Racial formation, coloniality, and climate finance organizations: Implications for emergent data projects in the Pacific

Kirsty Anantharajah*

*Corresponding author for this work

    Research output: Contribution to journalComment/debatepeer-review

    7 Citations (Scopus)

    Abstract

    This commentary explores the potential consequence of latent racial formation in emergent climate finance data projects and draws from ethnographic research on climate finance governance conducted in Fiji. Climate finance data projects emerging in the Pacific aim to ease the flow of finance from the Global North to the South. These emergent data projects, such as renewable energy resource availability and investment mapping, are imbedded in the climate finance organizations that fund, develop, and use them.
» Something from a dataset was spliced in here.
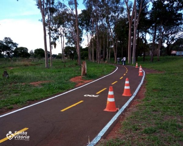 O pavimento asfáltico ao longo do trecho de 2.267 metros do caminhódromo de Santa Vitória recebeu nova sinalização viária horizontal, sendo executadas marcas longitudinais e inscrições no pavimento.

Thus, the commentary explores climate finance organizations through the lens of Ray’s (2019) theory of racial organizations, highlighting the ways in which important climate-related resources are mediated through racial and colonial schemas. The racial mediation of two key resources are spotlighted in this discussion: the finance itself and knowledge. Given that the Pacific region is at the coalface of climate change’s existential effects, the just allocation of resources is imperative. In interrogating the ways in which emergent data projects may deny these resources based on hidden racial schemas, the paper cautions against new and old forms of colonization that may be mobilized through even well-meaning techno-benevolent fixes (Benjamin, 2019).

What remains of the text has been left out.